I vividly remember the month that I first got Siri on iPhone, not least because I’ve barely used it since the initial novelty wore off. Now, The Economist is getting excited about voice technology, and even has a special report about Siri, Alexa, and the future of natural language voice computing. For my part, I’m deeply unimpressed not just with voice input technologies, but with the whole idea that natural conversation should be any kind of exemplar for interaction with computers (excepting, of course, for people who rely on voice input for accessibility reasons, or for the increasingly rare newcomers to IT). Here are some quick reasons why –
(1) Our interactions with computers tend to be highly dynamic, relying on constant feedback. What I mean by that is – when I’m engaging with a computer, I typically ask lots of quick bad questions and use the answers to guide me. I’d prefer to look quickly in three possible locations for a file rather than ask, “Siri, can you look in Downloads, or possibly Documents, or possibly Desktop, for a file that could be called Latest Draft or Friday Draft or January Draft? I’ll know it when I see it, so just list all the possible contenders”. The ability to quickly interact with computers and maintain a steady flow of information between user and interface seems like an advantage of using machines compared to speaking to humans, which tends to consist in relatively long spoken messages bouncing back and forth.
(2) A lot of the formal syntax we use when interacting with computers is very clear and powerful compared to natural language. If I google ‘site:www.economist.com “cecil rhodes” -oxford’, I’ve succinctly asked google to show me articles about Cecil Rhodes from the Economist.com that make no mention of Oxford. Once you get into more complex searches and operations, the advantages of formal operators become even starker. Of course, you can integrate a similar syntax into Siri or Alexa, but that constitute a different (albeit compatible) vision of how voice computing is going to go.

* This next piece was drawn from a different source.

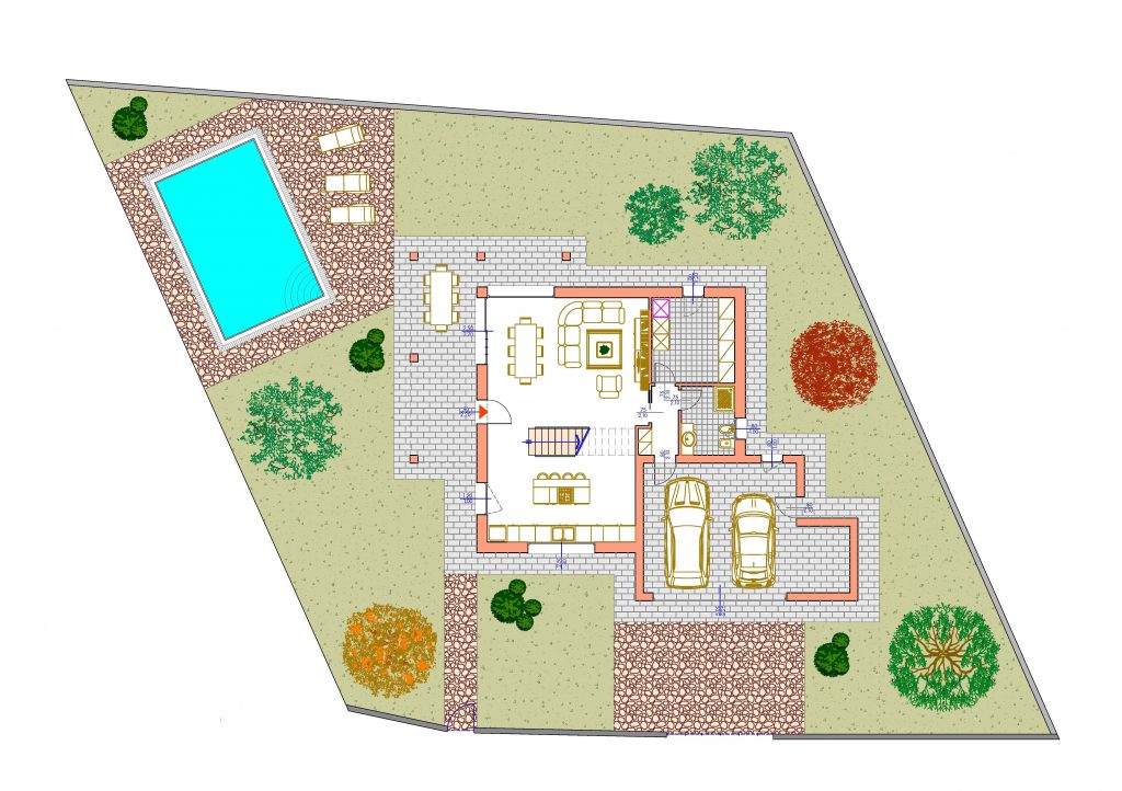 Il progetto prevede la costruzione di una villa singola indipendente che si sviluppa su Piano Terra (zona giorno e servizi) e Primo Piano (zona notte).

(3) Voice input is likely to remain relatively unreliable compared to text input. If I can type “indonesia population” and get an immediate answer, why would I bother vocally asking Siri for the answer? Even if Siri is great at recognizing my accent through my heavy cold, I could cough or sneeze or mispronounce a word or simply get distracted for a second, and waste a valuable 6 seconds of my time.

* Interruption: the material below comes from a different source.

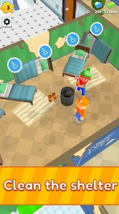 旅社大改造(Flop House)又名《Flop House:无家可归者庇护所》,它是一款以旅店为题材的模拟经营类游戏,你将在旅社大改造中扮演旅社管理者,全流程体验装修、打扫、迎客等内容。旅社大改造采用非常明亮、简约的卡通画风,画面接受度高,接待无家可归者的设定也非常温馨——“安得广厦千万间,大辟天下寒士俱欢颜!”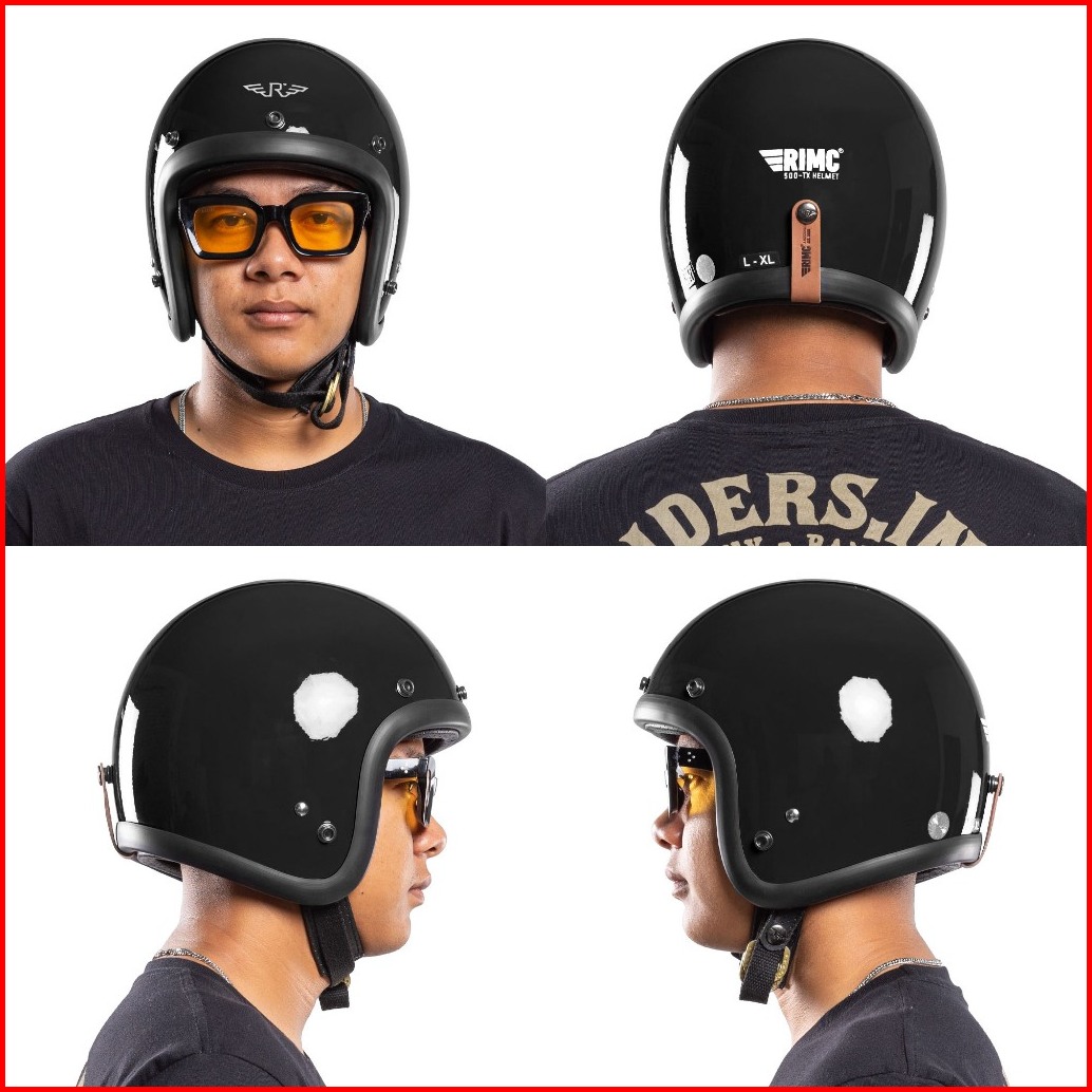 Rimc Slim Helmet 500-tx Black Glossy Helm Slim Retro Klasik Sni

(4) Finally, on dictation specifically – while I understand that many people hate typing, I find it massively surpasses speaking as a way of composing stuff that is *intended to be read*. As I write, I see how stuff will look to the reader; the phrase that sounds just fine with the benefit of vocal nuance and intonation might look hamfisted and obscure as words on a page. That joke that comes across brilliantly in speech may fall flat in text. Of course, you can read back what’s on the page to yourself as you dictate it, but given how different the pragmatics of speech and text are to begin with, I find it far better to skip out the spoken element all together and frame the process of composition as a dialogue between writer and reader, rather than speaker and reader.